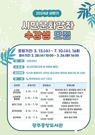 광주중앙도서관과 분관 최상준도서관이 지역 주민들을 대상으로 ‘2024년도 상반기 시민문화강좌 수강생’을 모집한다.
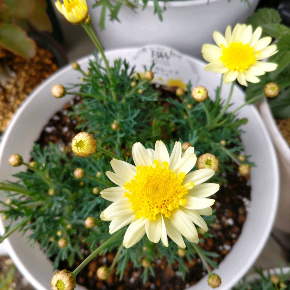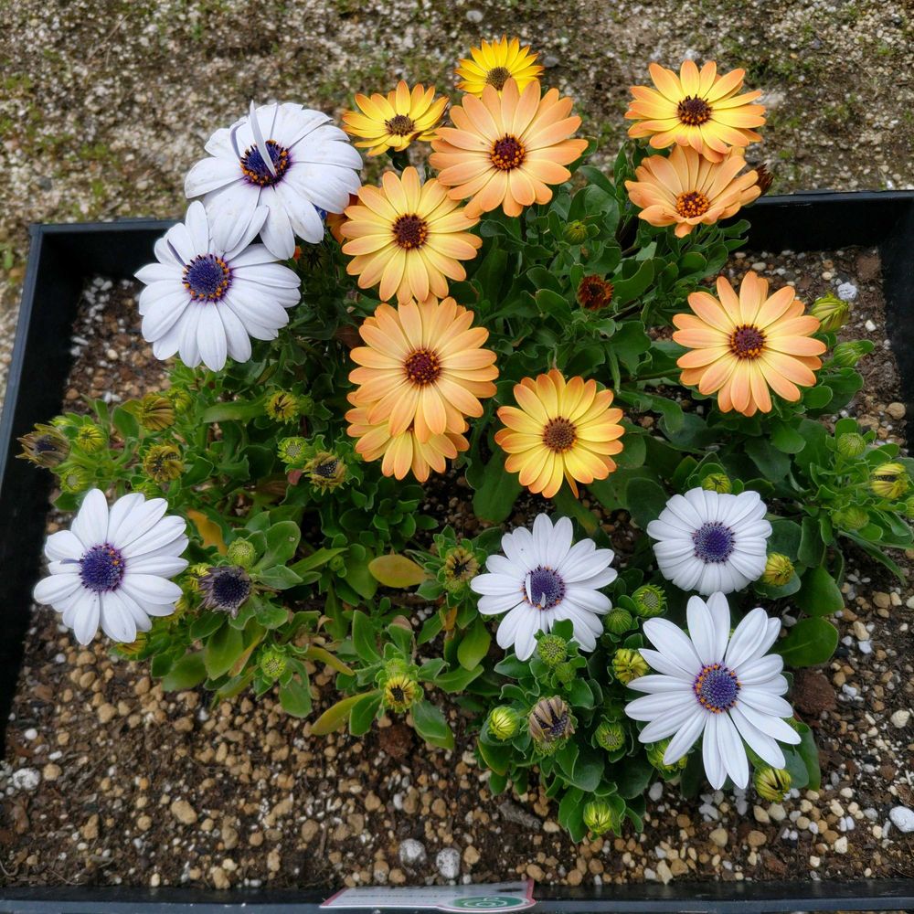 ②オステオスペルマム2色の寄せ植えが徐々に開花してきました
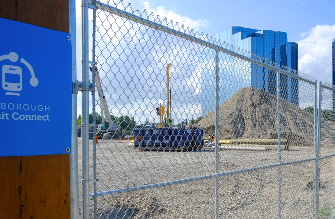 below: There was once a gas station on the northeast corner of Bathurst and St. Clair West. Now it is a vacant lot with a few alien creatures like this one lurking about.
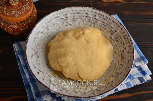 Добавьте просеянную пшеничную муку с разрыхлителем, а также ванильный сахар. Замесите мягкое песочное тесто.

EXERCISE AIM: Your answer must be an exact copy of the lines from the line with "②オステオスペルマム2色の寄せ植えが徐々に開花してきました" to the final line of the data, both ends included, and no pictures.

YOUR SOLUTION:
 ②オステオスペルマム2色の寄せ植えが徐々に開花してきました
 below: There was once a gas station on the northeast corner of Bathurst and St. Clair West. Now it is a vacant lot with a few alien creatures like this one lurking about.
 Добавьте просеянную пшеничную муку с разрыхлителем, а также ванильный сахар. Замесите мягкое песочное тесто.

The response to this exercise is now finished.